The liver is a highly heterogeneous organ comprising diverse cell types—including hepatocytes, liver sinusoidal endothelial cells (LSECs), Kupffer cells (KCs), hepatic stellate cells (HSCs), and cholangiocytes—each contributing uniquely to hepatic homeostasis. This cellular diversity underpins both the physiological complexity of the liver and the heterogeneity characterizing disease mechanisms. Advances in single-cell RNA sequencing (scRNA-seq) have unveiled remarkable transcriptional heterogeneity within the liver, even among traditionally defined cell types, by identifying functionally distinct subpopulations [13,14]. In disease settings, such heterogeneity is closely linked to differential progression patterns and therapeutic responses. For example, central vein-associated HSCs were identified as the principal source of pathogenic collagen production in a murine model of centrilobular fibrosis [15]. Hepatocytes also display significant plasticity, such as transdifferentiation into cholangiocyte-like cells following injury [16], further contributing to disease complexity. This plasticity is critical for liver regeneration and has been implicated in fibrosis progression [17,18,19].
Integrating scRNA-seq with GWASs offers a powerful approach for mapping genetic risk to specific cellular environments. Recent studies have demonstrated that genetic risk variants for hepatocellular carcinoma (HCC) may act through specific immune cell types, such as B cells [20], highlighting the importance of analyzing genetic associations at single-cell resolution. The single-cell Disease Relevance Score (scDRS) framework has emerged as a robust tool to link GWAS signals to specific cell types at single-cell resolution, thereby providing new avenues to elucidate disease mechanisms at the cellular level [21]. This integrative approach helps bridge the gap between genetic associations and functional biology.
In this study, we integrated GWAS summary statistics from six liver diseases and two metabolic traits (mean sample size ≈ 135,000) with scRNA-seq data profiling 168,000 human liver cells. Our goal was to construct a comprehensive, single-cell-resolved map of the cellular contexts in which genetic risk variants for liver disease exert their effects. Specifically, we first identified liver disease-associated cell types and then further dissected intra-cell-type heterogeneity to understand how distinct cellular subpopulations contribute to genetic risk.

2. Materials and Methods

2.1. Overview of Analysis Workflow

We integrated single-cell transcriptomic data comprising approximately 168,000 human liver cells with GWAS summary statistics for six liver-related diseases. To associate genetic risk with individual cells, we applied the single-cell Disease Relevance Score (scDRS) method [21], which links disease-associated variants to scRNA-seq profiles at single-cell resolution (Figure 1). For finer analysis, liver cells were grouped into three major classes—non-immune cells, lymphoid cells, and myeloid cells—each analyzed separately for disease. We first assessed associations and heterogeneity at the cell type level and then further investigated heterogeneity within relevant cell types. In addition to six liver diseases, two liver-related metabolic traits were included as reference phenotypes.

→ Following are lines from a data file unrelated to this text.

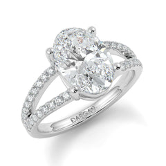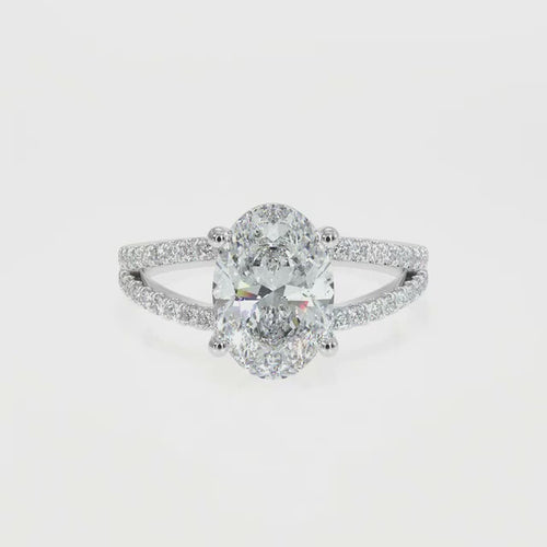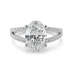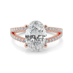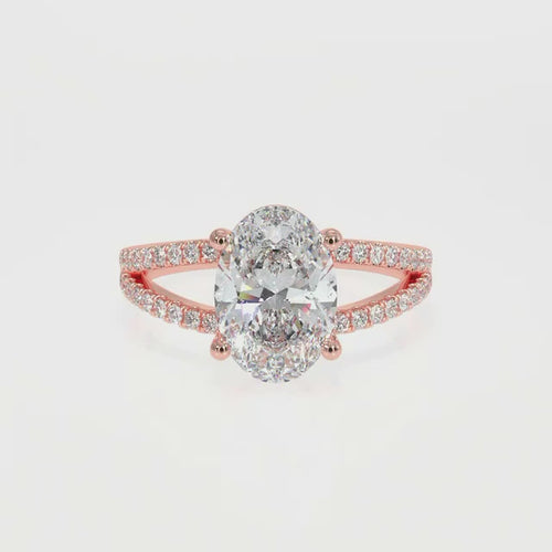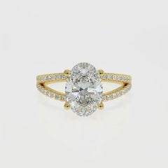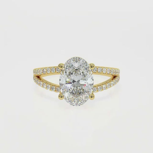 1–5 Carat Oval Cut Lab Grown Solitaire Diamond Ring with Split Shank in 18K Gold | Pavé Band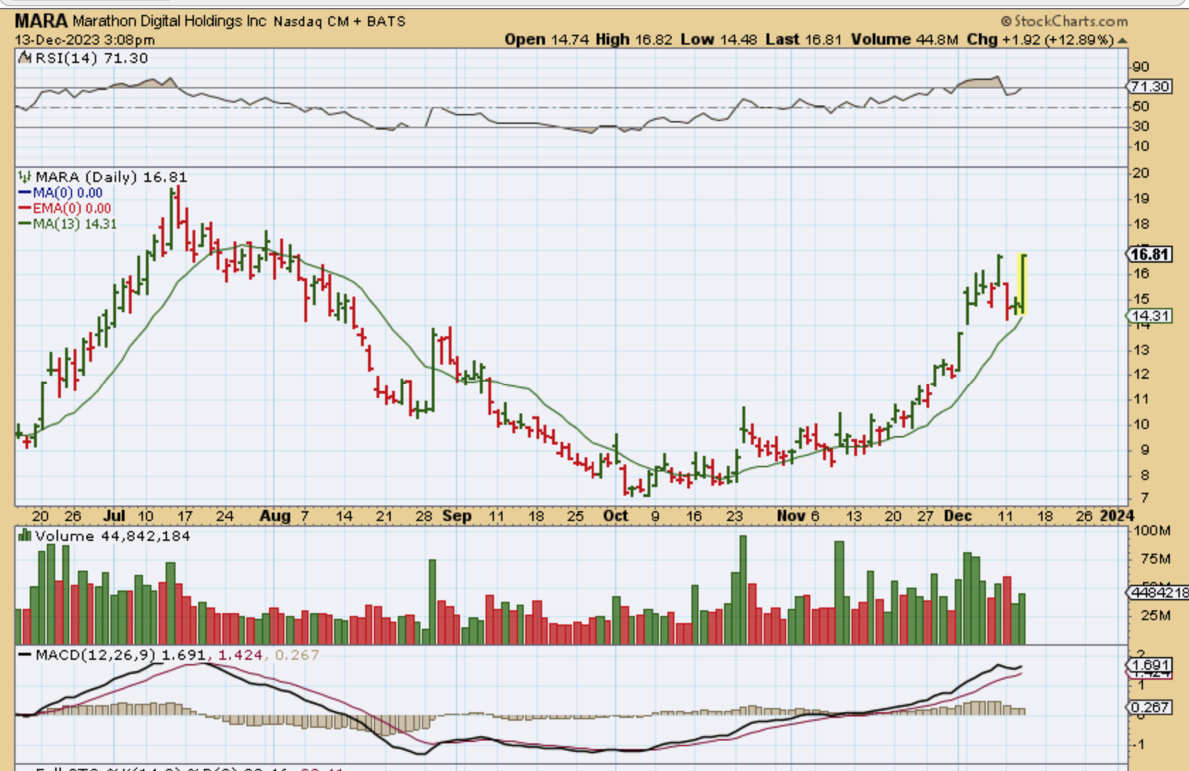 Doesn’t RIOT look like a bullish Bull Flag? That could be the midpoint run too. I do think that these will go MUCH higher in 2024, but for now they are also making excellent gains. At the last halving year of 2020, MARA and RIOT both traded north of $75 and they can go right back up there over time.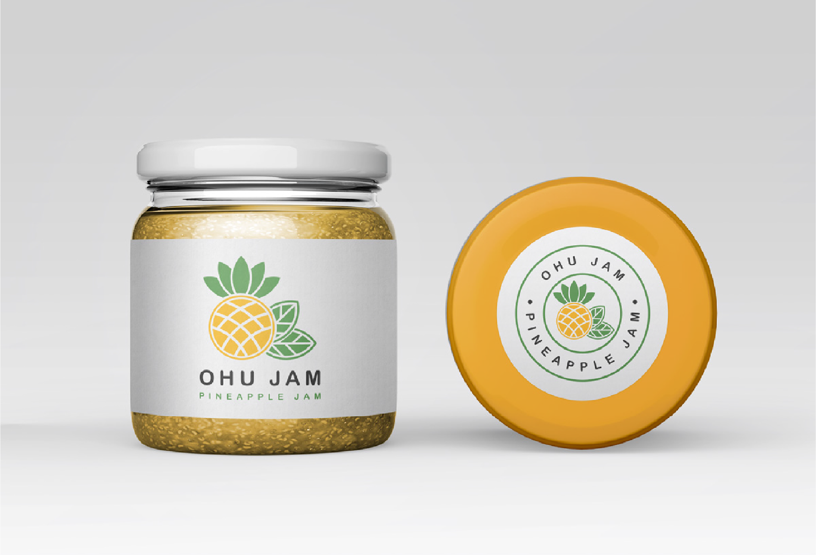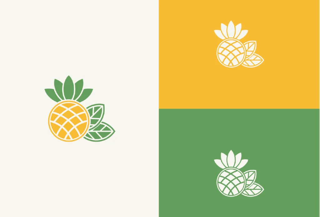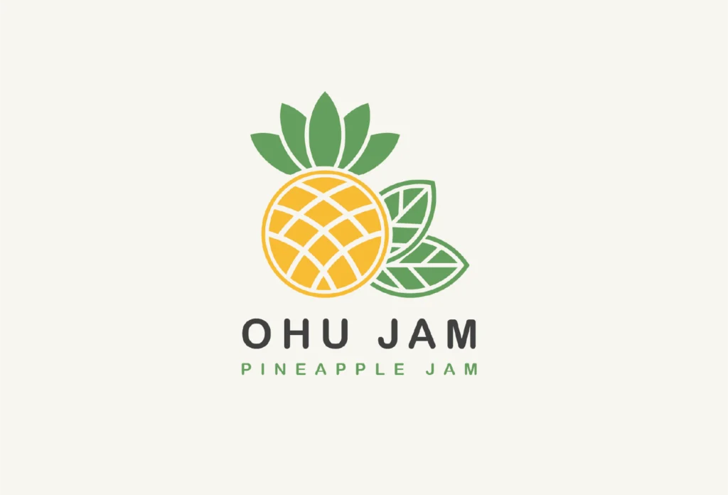 Logo design for purely organic pineapple jam. The logo uses clean geometric pineapple along side organic leaves. Uses bright Orange and green color to portray freshness and pure.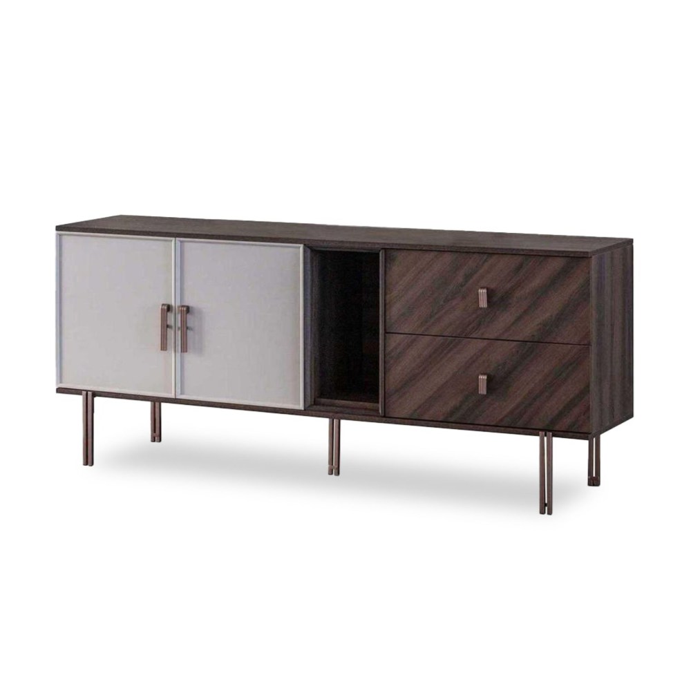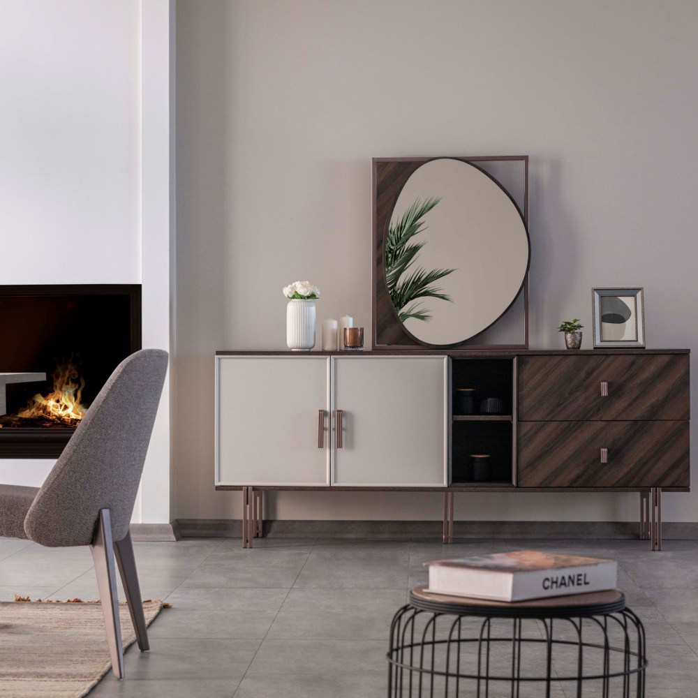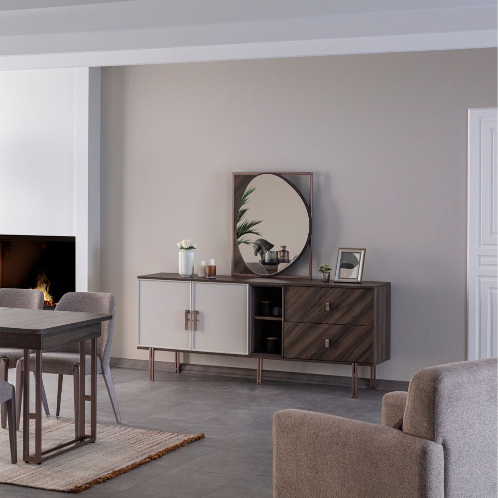 Merlin completa a elegância da sua casa com sua linha de design elegante e harmonia única de detalhes em metal bronze e cor nogueira. Oferece espaços úteis para seus pertences com suas amplas gavetas e grandes compartimentos de armário.

2.2. Single-Cell RNA Sequencing Data

Single-cell RNA-seq raw count data for ~168,000 cells were obtained from the Liver Cell Atlas (https://www.livercellatlas.org/download.php (accessed on 5 April 2025)) [22]. These cells were derived from 19 individuals and had been pre-clustered and annotated with predefined cell type labels and grouped into three major categories: non-immune (CD45) cells, lymphoid cells, and myeloid cells. We followed the immune cell classification from the original single-cell reference dataset, in which plasmacytoid dendritic cells (pDCs) were classified as part of the lymphoid cells based on transcriptional clustering and developmental similarity, despite not being classical lymphocytes.

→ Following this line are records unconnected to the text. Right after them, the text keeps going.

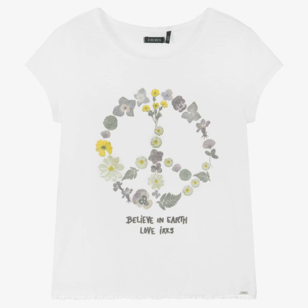 White T-shirt for girls by French brand IKKS, made in soft and comfortable cotton jersey. It has a glittery floral peace sign printed with a 'Believe in Earth' embroidery on the front. There is a charm logo and a crocheted hemline.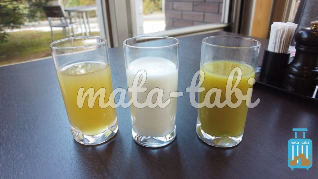 ケールジュース、ヴィネガージュースりんご、牛乳、リンゴジュース、オレンジジュース、トマトジュース🍅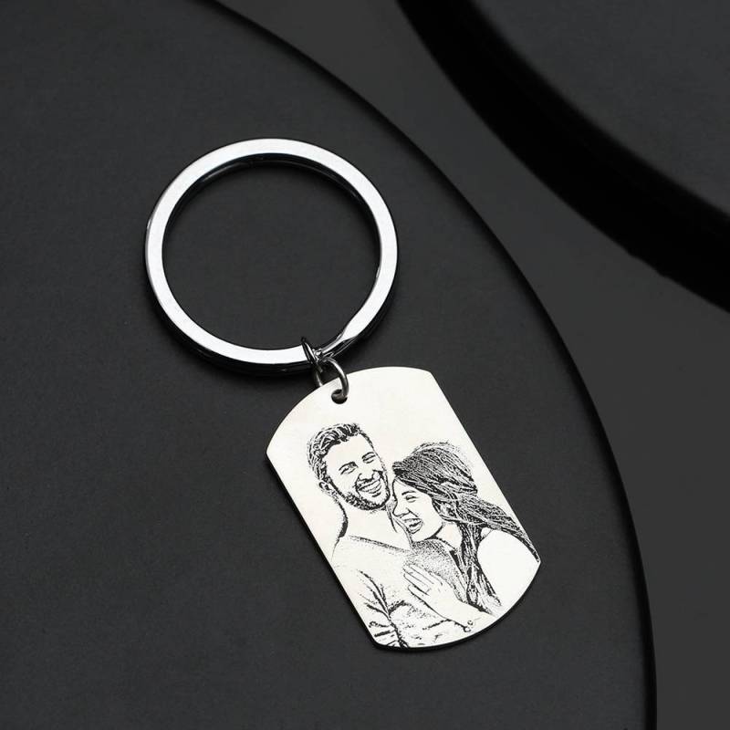 Photo Engraved Tag Key Chain Stainless Steel for Couple Photo Keychain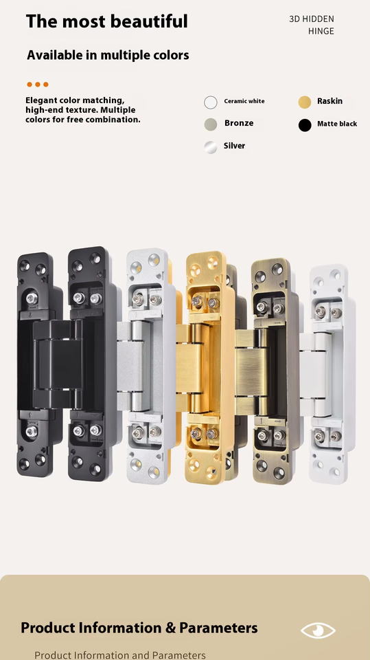 บานพับประตูปรับได้ อายุการใช้งานยาวนานกว่าหนึ่งแสนครั้ง ขนาด 198x30 มม. สีดำ บานพับไฮดรอลิกแบบซ่อน 3 มิติ บานพับโลหะผสมสังกะสี

2.3. GWAS Summary Statistics

GWAS summary statistics for six liver diseases and two metabolic traits were obtained from public repositories (Table 1). Specifically, data for hepatitis B virus infection (HBV) [8], hepatitis C virus infection (HCV) [8], primary biliary cholangitis (PBC) [9], primary sclerosing cholangitis (PSC) [10], and non-alcoholic fatty liver disease (NAFLD) [11] were downloaded from the GWAS Catalog (https://www.ebi.ac.uk/gwas (accessed on 25 March 2025)). Summary statistics for hyaluronan levels in Schistosoma japonicum patients (SJ) [23] were obtained from the PMG Lab resource (https://pmglab.top/resource/static/resource/gwas/sj/PMGL_gwas_SJ_HA.sums.tsv.gz (accessed on 26 March 2025)), and data for total cholesterol (TC) and total triglycerides (TG) were downloaded from the UK Biobank Neale Lab (https://www.nealelab.is/uk-biobank (accessed on 27 March 2025)). All GWAS datasets were derived from individuals of European or East Asian ancestry. Linkage disequilibrium (LD) calculations were based on ancestry-matched reference panels from the 1000 Genomes Project Phase 3.

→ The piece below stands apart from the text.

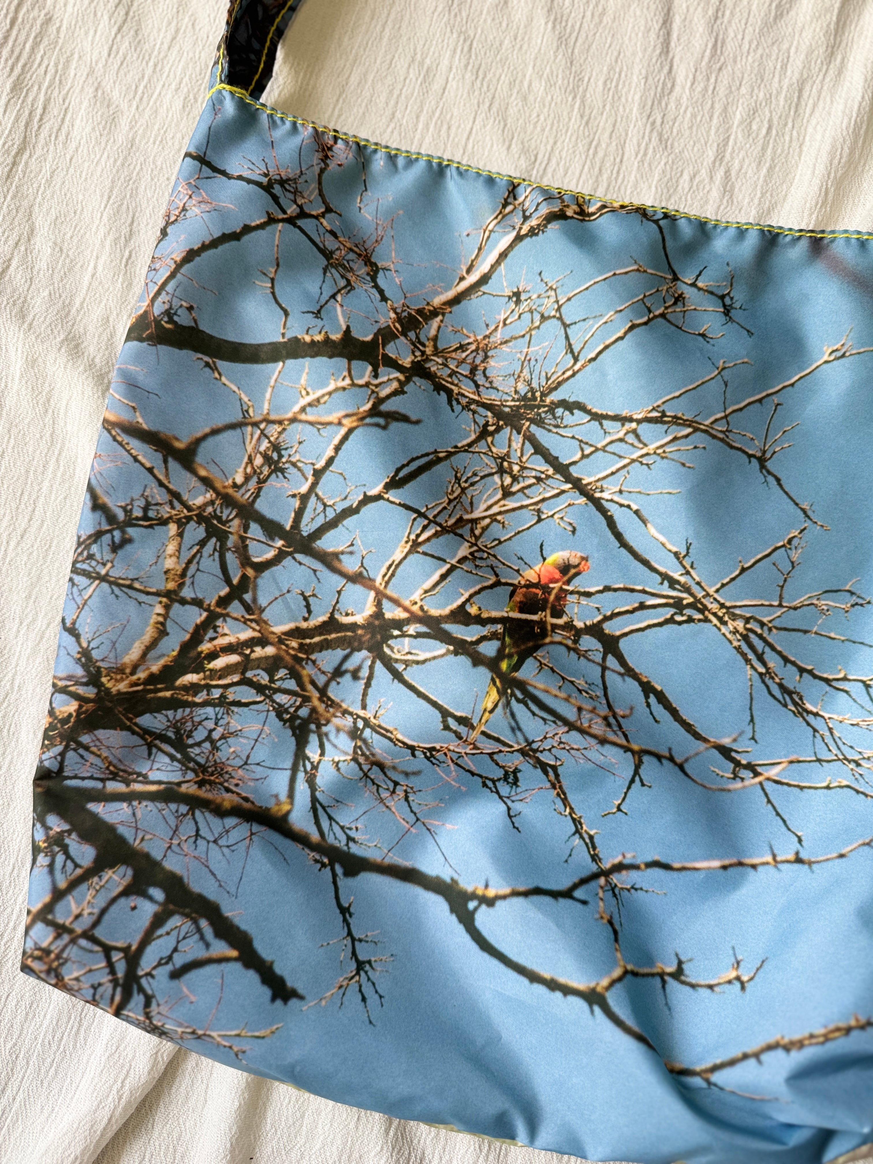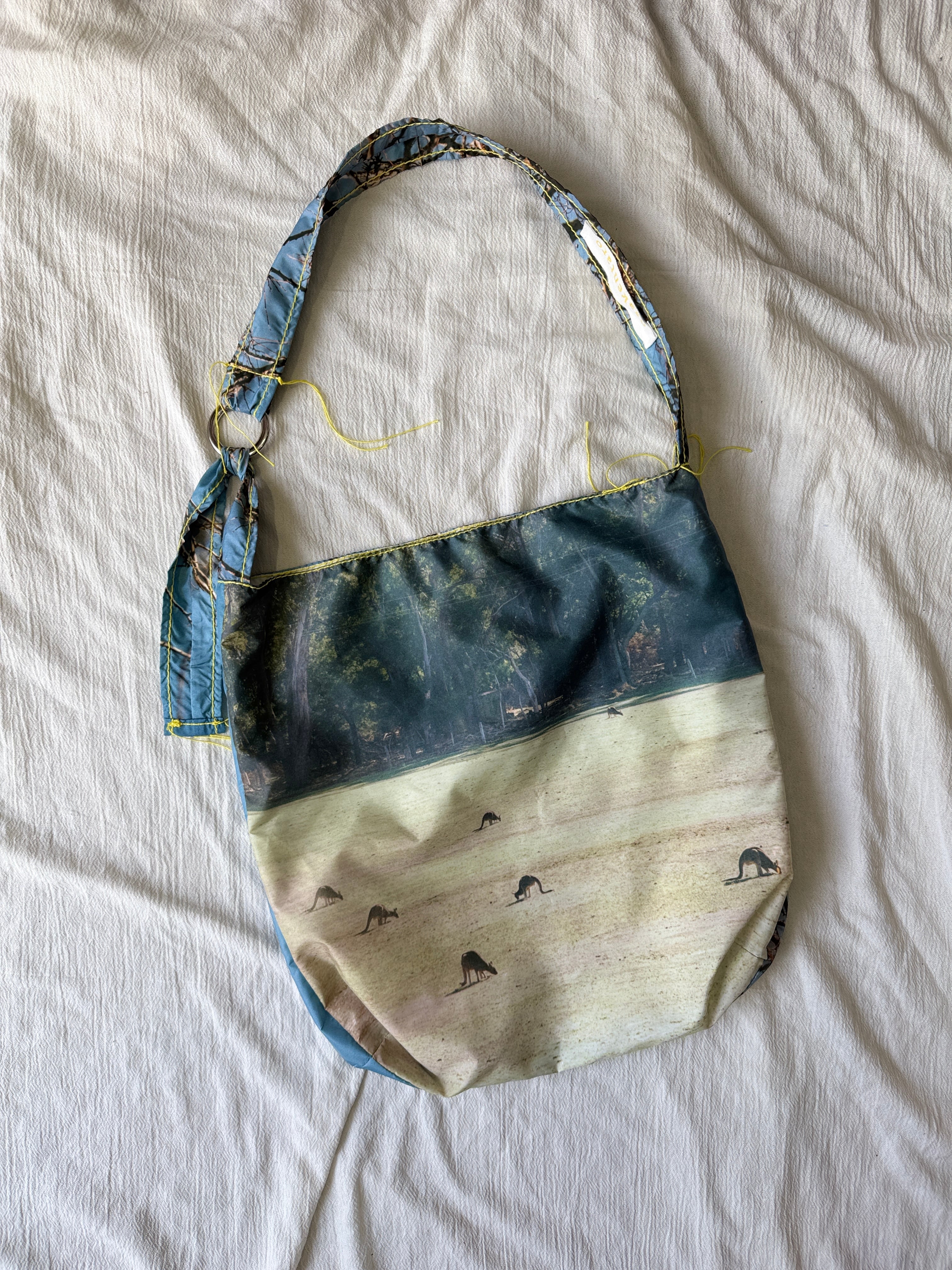 デザイナーがオーストラリアの旅で撮った写真をプリントしたバッグ

2.4. Identification of Disease-Associated Cells Using scDRS

To infer disease-associated cells, we used the scDRS [21], which links scRNA-seq with polygenic disease risk at single-cell resolution. scDRS (version v1.0.2) was obtained from GitHub (https://github.com/martinjzhang/scDRS (accessed on 10 April 2025)). As a prerequisite, gene-level association z-scores were derived using MAGMA (v1.10; https://cncr.nl/research/magma (accessed on 10 April 2025)) [24]. All other scDRS parameters were used with default settings.

2.5. Cell Type-Level Association and Heterogeneity Testing

Following cell-level association scoring, we used scDRS to perform statistical tests to assess enrichment of disease signals at the predefined cell type level and to evaluate intra-cell-type heterogeneity. Significance thresholds for both cell-type-level association and heterogeneity were set at a false discovery rate (FDR) < 0.05.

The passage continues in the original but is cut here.